### Exercise objective
The answer is to be the lines below that lie between the line holding "Bán nhà 781/C1-781/C2" and the line holding "There's little kids", inclusive, transcribed exactly and free of pictures.

### Materials provided
↓↓↓

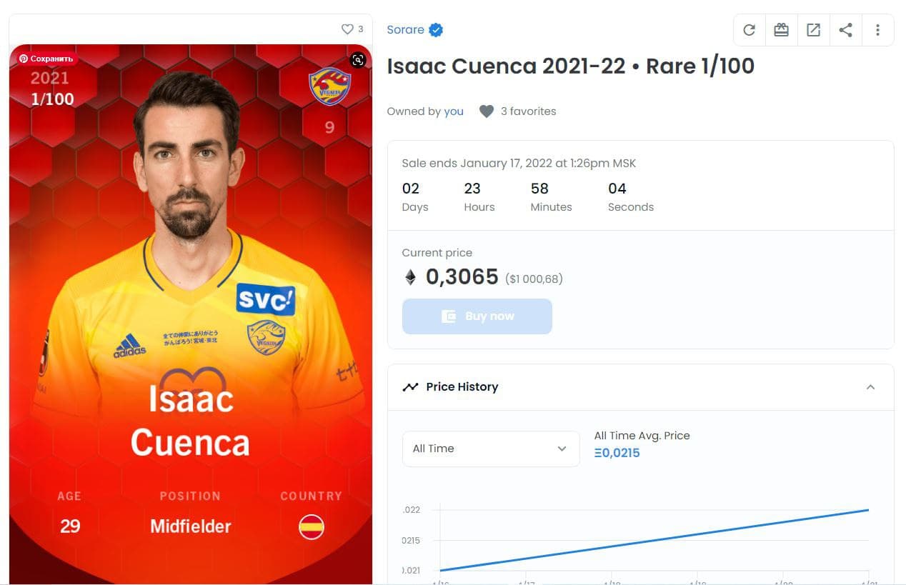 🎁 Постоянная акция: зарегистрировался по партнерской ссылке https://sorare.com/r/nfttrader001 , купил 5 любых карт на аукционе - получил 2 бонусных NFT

↑↑↑
↓↓↓

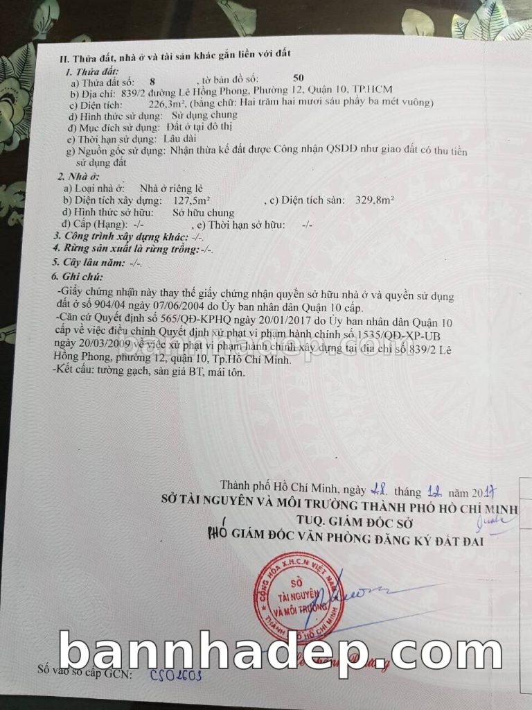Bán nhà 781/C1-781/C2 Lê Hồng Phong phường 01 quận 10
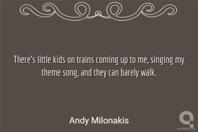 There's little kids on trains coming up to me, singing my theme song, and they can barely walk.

↑↑↑

### Solved problem
Bán nhà 781/C1-781/C2 Lê Hồng Phong phường 01 quận 10
 There's little kids on trains coming up to me, singing my theme song, and they can barely walk.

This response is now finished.